Господин Моз был неразговорчив; не ответив, он снова принялся разглядывать узоры ковра. Девушка тоже умолкла. Что же касается упомянутой ими неприятной особы, супруги одного и матери другой, ее бледный призрак уже улетучился и полностью изгладился из их памяти к тому времени, как служанка накрыла на стол.

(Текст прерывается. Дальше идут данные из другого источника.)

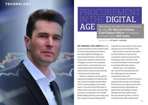 DR . MARCELL VOLLMER ’ S job is to be at the forefront of the transformation for businesses looking to embrace the latest digital technology and cloud-based solutions . He ’ s been doing some research into the some of biggest concerns for companies in the industry moving forward , and is passionate about ensuring that procurement remains just as relevant in the future as it does today .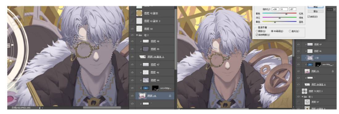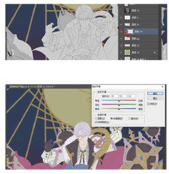 注意:填完固有色后,我们再用色彩平衡调整一遍色彩倾向,简而言之冷色调整体往冷色偏,暖色调整体往暖色调偏。如果不想有明显的冷暖偏向,就不用调整啦。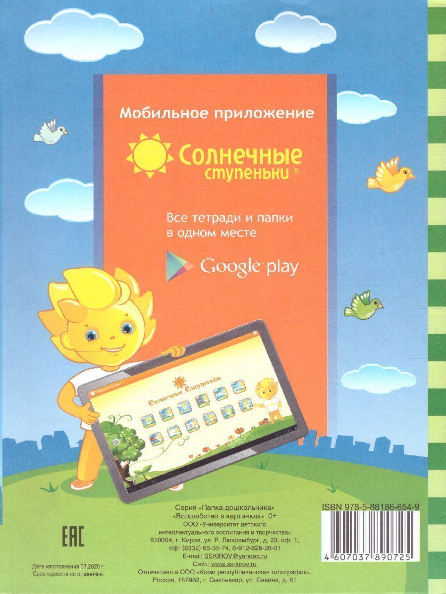 Вашему вниманию предлагается серия папок для дошкольного образования "Солнечные ступеньки". "Солнечные ступеньки" предназначены для всестороннего развития способностей ребенка. Все задания соответствуют задачам умственного развития и воспитания, определенным "Типовой программой обучения и воспитания в детском саду". Тысячи детишек, обучаясь по данным папкам, смогли успешно поступить в самые престижные школы и лицеи. .В папке: 16 листов с заданиями и нераскрашенными картинками + 2 цветных вкладыша, которые необходимо разрезать по пунктирным линиям. .На каждой страничке папки дети смогут раскрасить картинки в соответствии со значками.Характеристики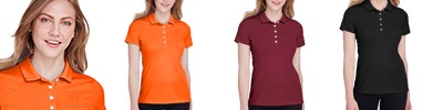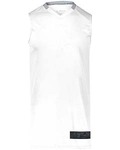 100% polyester wicking knit with True Hue Technology® that helps prevent dye migration; Moisture-wicking; Updated tailored fit; Tagless label; Outside locker label; V-neck collar; Designed to be NFHS compliant;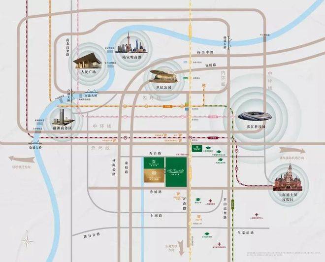 【绿宝园】位居浦东周康板块,接迪士尼国际旅游度假区,北接联洋世纪公园,距离陆家嘴约12公里。并且凭借区域内的中环线号线等道路交通设施,将康桥和前滩、张江科学城、迪土尼、浦东国际空港、外高桥自由贸易区等五大引擎连成一条黄金轴线。

В полдень господин Моз и его дочь лишь слегка закусывали. Вечером, напротив того, любили тяжелую пищу; щедро сдобренное уксусом и пряностями копченое или соленое мясо, паштеты и маринады они поедали холодными, словно старались сделать эти блюда еще более неудобоваримыми. Насытившись, они тотчас отправлялись спать, и сон одаривал их видениями такими же сытными и пряными, как проглоченная пища. Между собой они в шутку называли время ложиться спать «началом представления» и, расставаясь у ведущей в спальни лестницы, желали друг другу хорошо поразвлечься. И все же необъяснимая стыдливость мешала им делиться друг с другом тем, что они видели и ощущали, рассказывать о ночных приключениях, навеянных застольными излишествами. Они никогда не упоминали об этом, сойдясь на следующий день после утреннего чая (который оба пили в столовой, но порознь: сначала дочь, часом позже — отец).

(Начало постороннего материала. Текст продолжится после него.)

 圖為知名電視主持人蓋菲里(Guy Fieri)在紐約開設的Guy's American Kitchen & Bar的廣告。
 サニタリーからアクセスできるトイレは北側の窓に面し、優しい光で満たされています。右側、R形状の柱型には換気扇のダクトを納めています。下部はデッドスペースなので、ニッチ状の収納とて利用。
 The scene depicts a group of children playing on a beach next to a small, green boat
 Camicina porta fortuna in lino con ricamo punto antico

Стол был, по обыкновению, обильный, и господин Моз, облюбовав угрей с зеленью (таких аппетитных на синем фаянсе) и не дав себе труда наполнить тарелку, начал грубо и жадно есть прямо с блюда; он тем более распустился, потому что Сара, порой бросавшая на отца суровые взгляды, когда тот слишком пылко и шумно предавался чревоугодию, на сей раз к столу не явилась. Заглатывая пищу и запивая ее крепким темным пивом, он все ждал появления дочери. Но она так и не пришла. Покончив с едой, более обычного отяжелевший, он вернулся в гостиную, но Сары и там не оказалось. Господина Моза, знакомого с причудами юной особы, в иные вечера не желавшей «представлений», это нимало не встревожило. И он отправился спать, не докурив зажженной сигары, — помедли он еще, так и уснул бы прямо в кресле.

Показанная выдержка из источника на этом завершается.